The Supreme Court concluded that the veterans will bear the burden of demonstrating that the VA’s errors made a substantive difference on the outcome of their claims cases. Justice Souter filed a dissenting opinion that was joined by Justices Stevens and Ginsburg. The dissent argued that the framework established by the Federal Circuit - which presumes that a notice error was prejudicial unless the claimant has actual knowledge that cures the defect or is ineligible for benefits as a matter of law - provides the VA with an incentive to perform its obligation to claimants.

Regarding this case, the Court found that despite the changes in the notice law, section 5103(a) still requires the VA for increased ratings claims to notify the veteran that they should provide or ask the VA to obtain medical or lay evidence demonstrating a worsening or increase in severity of the disability and the effect that worsening has on the veteran’s employment. A simple notice advising a veteran to submit evidence that his condition has worsened is not sufficient.

After finding a notice error, the Court considered whether it was prejudicial to the veteran. The Court attempted to clarify who has the burden of showing prejudice or non-prejudice. The court said the “burden shifting only occurs when a notice is wholly defective as to a key element needed to substantiate a claim for benefits”. Id. at *14. The Court said that in such a situation, “the absence of evidence on the key element will result in denial of the claim [and] the natural effect is that the claimant is deprived of a meaningful opportunity to participate in the processing of his claim.” Id. at *15. In these circumstances, the VA has the burden of showing the veteran was not prejudiced.

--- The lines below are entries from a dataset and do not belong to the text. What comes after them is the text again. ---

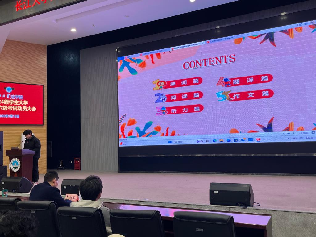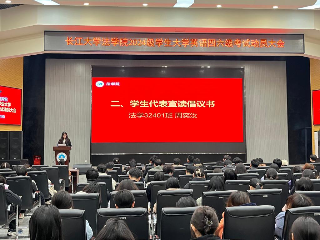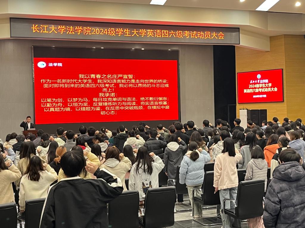 (通讯员 向若涵)3月19日,beats365在西校区农科大楼1058学术报告厅召开大学英语四六级考试动员大会,2024级全体员工参加会议。大会以“明法致公强根基,语通世界展锋芒”为主题,通过员工榜样经验分享、集体宣誓、领导动员等环节,点燃了学子们的备考热情,为即将迎战四六级考试的全体员工注入了强大精神动力。
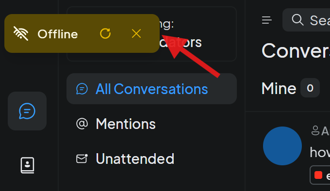 This notification alerts agents that there is a temporary disconnect from the web, and a page refresh is needed to see new messages sent during the downtime. Instances when you may see this message include:
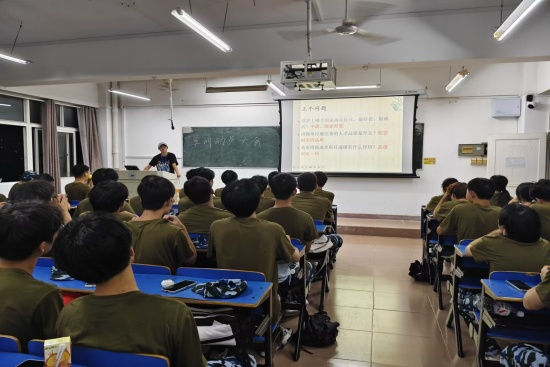 随后的交流互动环节,新生们围绕“军训与晚自习如何平衡”“训练时需要注意什么” 等问题积极提问。助理辅导员结合自身经验,建议大家利用军训休息间隙梳理当天课程重点,“就像晚自习整理笔记一样,每天花10分钟回顾知识,既能巩固学习,也能缓解训练疲劳。” 轻松的对话中,新生们的疑虑逐渐消散,对军训与学习的平衡有了更清晰的规划。

However, in a claim for increased benefits, the claim can be shown by evidence of a worsened disability can depending on the Diagnostic Code can be shown by more objective evidence such as specific measurements or a test result, or more general evidence such as impact upon employment or daily life. The Court concluded that notice to provide evidence how a disability has worsened, without notice to provide evidence of its impact on employment is unlike the notice required in Mayfield I and thus the veteran must show the were prejudiced.

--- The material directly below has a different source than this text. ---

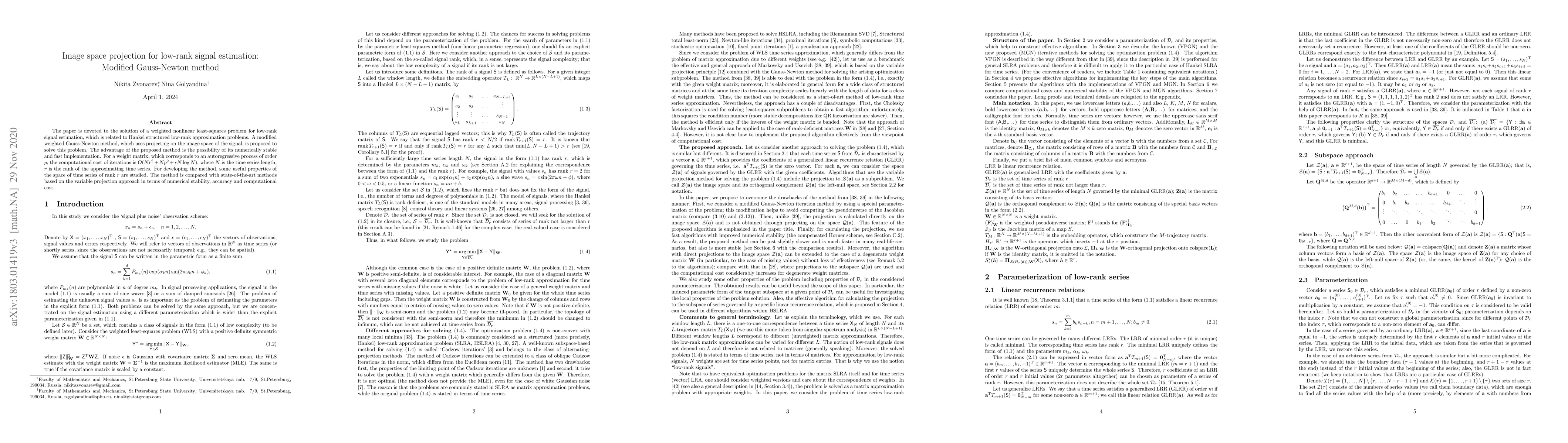 The paper proposes a modified weighted Gauss-Newton method for solving weighted nonlinear least-squares problems in low-rank signal estimation, projecting onto the image space for stability and speed. The method's computational cost is analyzed and compared favorably with other state-of-the-art techniques.
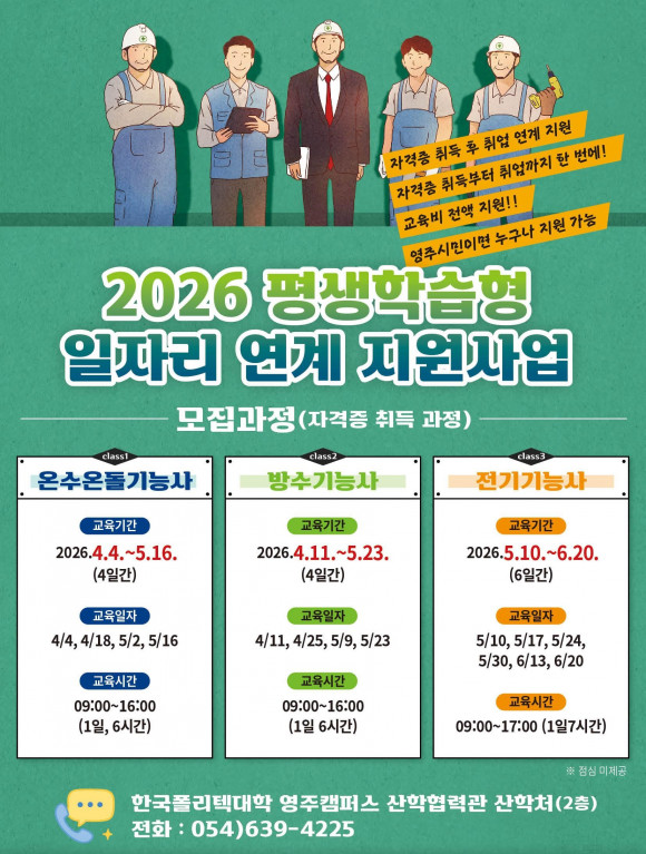 교육과정 관련 문의는 한국폴리텍대학 영주캠퍼스 산학협력관 산학처(☎054-639-4225)로 하면 된다.

As applied, the veteran here was provided notice to provide evidence his disability had worsened. The Court said this was not he total absence of notice as to a key element. Furthermore, the scheduler rating for his condition does not explicitly take into account its impact on his employment. Therefore, “the inadequacy of this notice does not have a natural, adverse effect on the ability of [the veteran] to meaningfully participate in the processing of his claim and the essential fairness of the adjudication. Thus, the burden of demonstrating prejudice falls on [the veteran].” Id. at *17. The Court found no prejudice.

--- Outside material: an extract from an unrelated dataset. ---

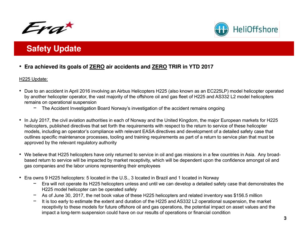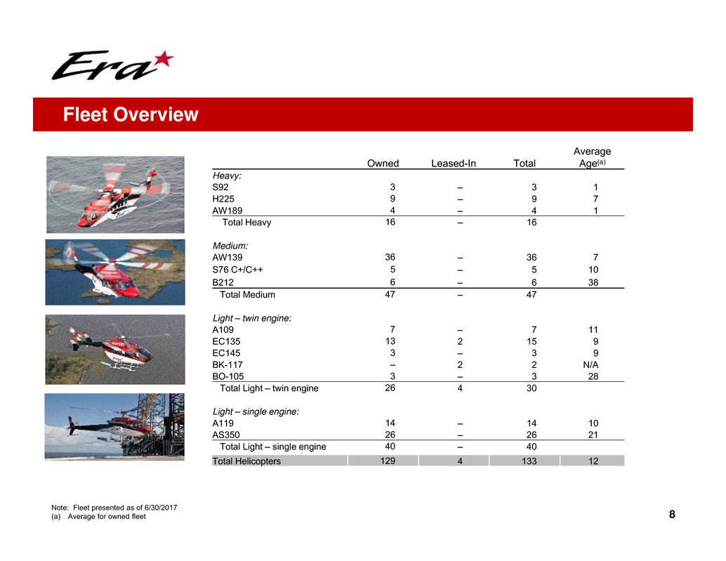 • Era owns 9 H225 helicopters: 5 located in the U.S., 3 located in Brazil and 1 located in Norway
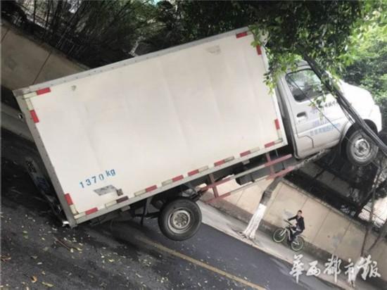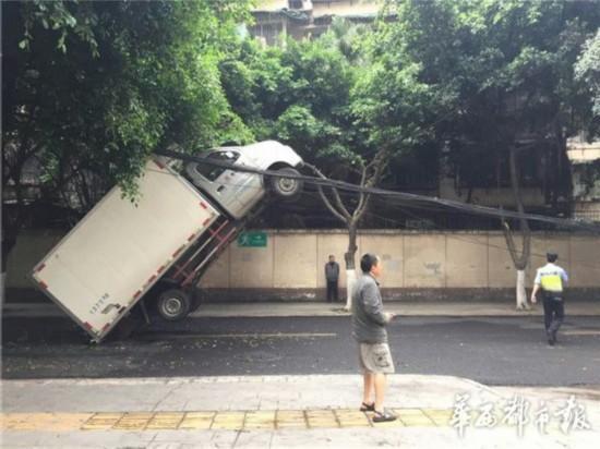 5月10日早上,成都高升橋北街,一輛貨車玩起“特技”,車頭掛在線纜上,四輪騰空,造成道路擁堵,索性無人員傷亡。隨后,記者從成都交警一分局獲悉,該事故的罪魁禍首,是掉落的通訊線纜。來源:華西都市報

The Court also considered the possibility of differing notices from the VA. It noted that a second corrective notice might correct an initial notice but also found “The potential confusion generated by differing notices might be clarified or negated by actions taken in the subsequent processing of the claim, or otherwise ultimately shown by the record not to have confused the claimant. In sum, simply because subsequent notice, good on its face, is provided to the claimant does not mean that the notice was adequate. Whether notice is confusing is a fact-specific determination based on the totality of the circumstances.” Id. at *12. This line seems to at once reject the VA’s frequent contention that a subsequent notice fixes everything while also potentially situating the burden on the veteran to show confusion.

The result is that winning an appeal on a VCAA error on a claim for an increased rating is going to become more difficult. Additionally, veterans may not get the tailored notice they have gotten in the past. Thus, it will be imperative that they know they should provide evidence of the impact of a worsened condition on employability and daily life.

Decided by C.J. Kasold, and Judges Greene, and Hagel.